Боэнерджес (язвительно). А небось, охотно командовали бы сами: «Отрубить ему голову!»
Магнус. Есть много людей, которые даже и не заметили бы, что лишились головы, — настолько невелико ее содержимое. Но все же казнить человека — дело нешуточное, так, по крайней мере, самоуверенно воображают те, кому предстоит казнь. Мне лично кажется, что если бы встал вопрос о моей казни...
Боэнерджес (зловеще). А что ж, может, когда-нибудь и встанет. Я слышал такие разговоры.
Магнус. Вполне допускаю. Я не забыл о голове короля Карла Первого. Но надеюсь, что в этом случае вопрос будут решать живые люди, а не каучуковые штемпели.
Боэнерджес. Его будет решать ваш министр внутренних дел, член законного демократического правительства.
Магнус. Такой же каучуковый штемпель!
Боэнерджес. Сейчас, может быть. Но когда министром внутренних дел стану я — дудки! Никому не удастся превратить в каучуковый штемпель Билла Боэнерджеса, ручаюсь вам.
Магнус. Ну, разумеется, разумеется. А ведь забавно, до чего люди склонны идеализировать своих властителей. Когда-то, в старые времена, король почитался богом — бедняга! Его и называли богом, и поклонялись ему, как существу всеведущему и непогрешимому. Ужасно...
Боэнерджес. Не ужасно, а глупо, просто глупо.

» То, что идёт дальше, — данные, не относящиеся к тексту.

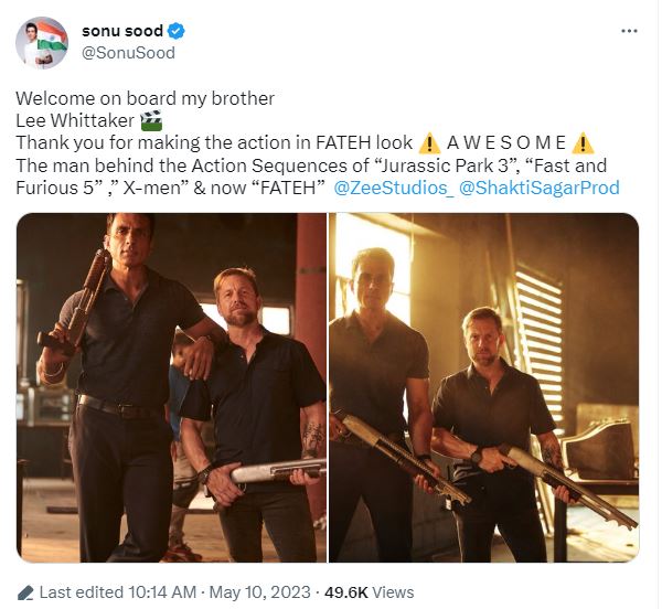 सोनू सूद ने हाल ही में अपने ट्विटर अकाउंट पर हॉलीवुड के एक्टर और स्टंटमैन ली विटकर के साथ दो तस्वीरें शेयर की। इन तस्वीरों में हाथों में गन थामे सोनू सूद और एक्शन डायरेक्टर ब्लैक आउटफिट में नजर आ रहे हैं। तस्वीरों को शेयर करते हुए सोनू सूद ने कैप्शन में लिखा, 'ली विटकर, आपका बहुत-बहुत स्वागत है।

Магнус. Но, пожалуй, не глупей, чем наша отговорка, будто бы он всего лишь каучуковый штемпель, а? Божественный император Древнего Рима не обладал ни безграничной мудростью, ни безграничными знаниями, ни безграничной властью; но кое-что он смыслил, знал и мог, пожалуй, даже не меньше, чем его министры. Это был живой человек, а не неодушевленный предмет. Кто смел приблизиться к королю или министру, взять его со стола и приложить к бумаге, как берут и прикладывают предмет из дерева, металла и резины? А вот несменяемые чиновники вашего министерства будут норовить именно так обращаться с вами. И девятнадцать раз из двадцати вы это стерпите, потому что вы не можете все знать; а если бы вы даже и знали все, то, во всяком случае, не могли бы сами все делать и всюду поспевать. Но что случится на двадцатый раз?
Боэнерджес. На двадцатый раз они увидят, что имеют дело с Биллом Боэнерджесом.

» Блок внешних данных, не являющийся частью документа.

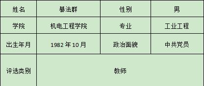 根据校团委“关于“青春温大”·2021年度榜样人物评选活动的通知”的相关要求,由个人申报、系部推荐、支部推荐等程序,经麻豆视频 学工委评选,拟推荐綦法群(教师)、张鹏华(学生)作为麻豆视频 “青春温大”的候选人上报学校,现将二人情况公示如下: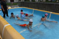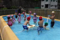 久しぶりの晴れ間の中、子供たちはプール遊びを楽しみました

Магнус. Вот именно. Теория каучукового штемпеля не оправдается, мистер Боэнерджес. Старая теория о божественной природе королевской власти оправдывалась, потому что в любом из нас есть божественная искра; и даже самый глупый, самый незадачливый король или министр — бог не бог, а какое-то подобие бога, потуга на божественность, пусть даже очень отдаленное подобие и очень слабенькая потуга. А вот теория каучукового штемпеля всегда в критический момент оказывается несостоятельной, потому что король или министр — это не штемпель, а живая душа.
Боэнерджес. Ах, вот как? Короли, оказывается, еще верят в существование души!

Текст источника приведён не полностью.